Julián había concluido por lo tanto que Rui probablemente estaba vivo y había tomado la decisión de no volver a casa por alguna razón.
Sospechaba que Rui debía haberse encontrado en circunstancias excepcionales graves que lo obligaron a irse sin decir más que unas pocas palabras.
Él había tenido algunas sospechas sobre lo que había pasado, pero no podía estar seguro.
Aunque Lashara apreciaba sus perspicaces intuiciones sobre el asunto, solo la hacían sentir peor.
Se levantó más temprano que el resto, preparándose para un largo día.
También preparó rápidamente algo de comida para Julián junto con Myra.
Él se dirigía a trabajar en el Instituto de Tecnología Kandrian bastante temprano en la mañana.
—Gracias por la comida —Julián sonrió mientras abrazaba a Lashara para despedirse.
Ella estaba contenta de ver que él se había recuperado en el último año.
Había recibido un golpe duro con la desaparición de Rui, pero parecía que finalmente estaba volviendo a ser como era antes.
Él estaba más cerca de Rui que la mayoría de ellos.
Sabían que los dos siempre habían disfrutado pasar tiempo juntos, en parte porque eran bastante similares entre sí en varios aspectos.
Por ejemplo, los dos eran increíblemente talentosos mentalmente, mucho más allá de lo normal.
Lashara recordaba cómo los dos comenzaron a hablar, leer y escribir a edades mucho más tempranas que los niños normales.
Empezaron a usar lenguaje complejo a la edad de cuatro años.
Los dos se llevaban increíblemente bien a pesar de la diferencia de edad entre ellos, algo que ella siempre había encontrado extraño, teniendo conversaciones que ninguno de los demás podía seguir.
Pronto, el resto de los cuidadores adultos también se despertaron, comenzando sus deberes y trabajo temprano en la mañana antes de que los niños se levantaran y los agobiaran.

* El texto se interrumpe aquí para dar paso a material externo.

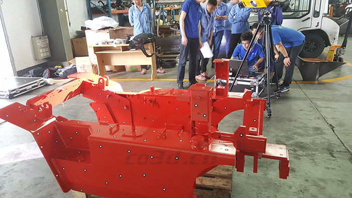 2、客戶需要對叉車車身鑄件進(jìn)行快速掃描,掃描數(shù)據(jù)要求精度高,用于叉車車身鑄件與原數(shù)模進(jìn)行比對三維檢測。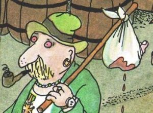 In another illustration, a hobo carries a severed foot in his bundle. Is it a spare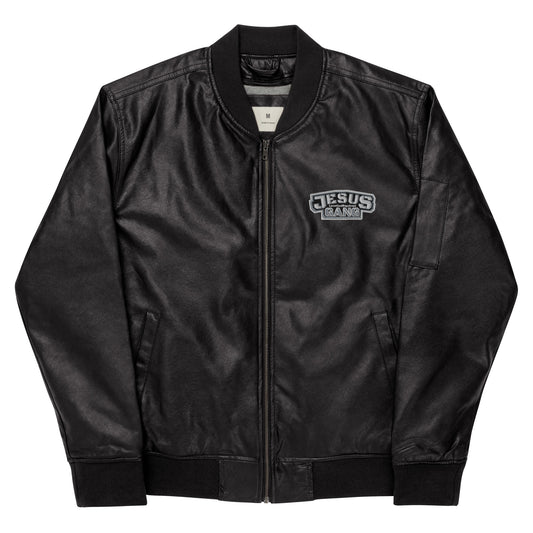 Jesus Gang A.oG Blk Leather Bomber Jacket

El tamaño del orfanato había crecido notablemente, por lo que había mucho trabajo por hacer.
Había pasado un año desde que supieron del mensaje de Rui, la mayoría de los adultos estaban en el mismo estado de ánimo que ella, simplemente no estaban seguros de qué hacer con el asunto en primer lugar.
Con todo, también estaban bastante deprimidos al respecto.
Sin embargo, sus responsabilidades con los pequeños les obligaron a sacarlo de sus mentes en su mayor parte, no podían permitirse ser afectados por ello.
Este asunto no se había divulgado a los niños, naturalmente.
Eran solo niños, después de todo.
No necesitaban ser cargados con tales asuntos.
Lashara sabía que era solo cuestión de tiempo antes de que se dieran cuenta de que algo estaba mal.
Rui a menudo pasaba bastante tiempo fuera de casa, pero nunca tanto tiempo.
Los mayores ya habían comenzado a darse cuenta de que algo no estaba bien.
Particularmente Max y Mana, quienes también eran Aprendices Marciales en la Academia Marcial.
Se habían preguntado por qué no habían visto a su gran hermano y maestro en tanto tiempo.
Sin embargo, pasaban la mayor parte de su tiempo en la Academia Marcial entrenando o completando misiones ahora que habían recibido su licencia de aprendiz.
En resumen, la desaparición de Rui había herido a todo el orfanato, pero aquellos que sabían no tenían más remedio que seguir adelante, y aquellos que eran demasiado jóvenes para hacerlo, no sabían.
Lashara no sabía dónde estaba Rui, o si siquiera estaba vivo, pero rezaba para que estuviera a salvo y rezaba para que algún día regresara.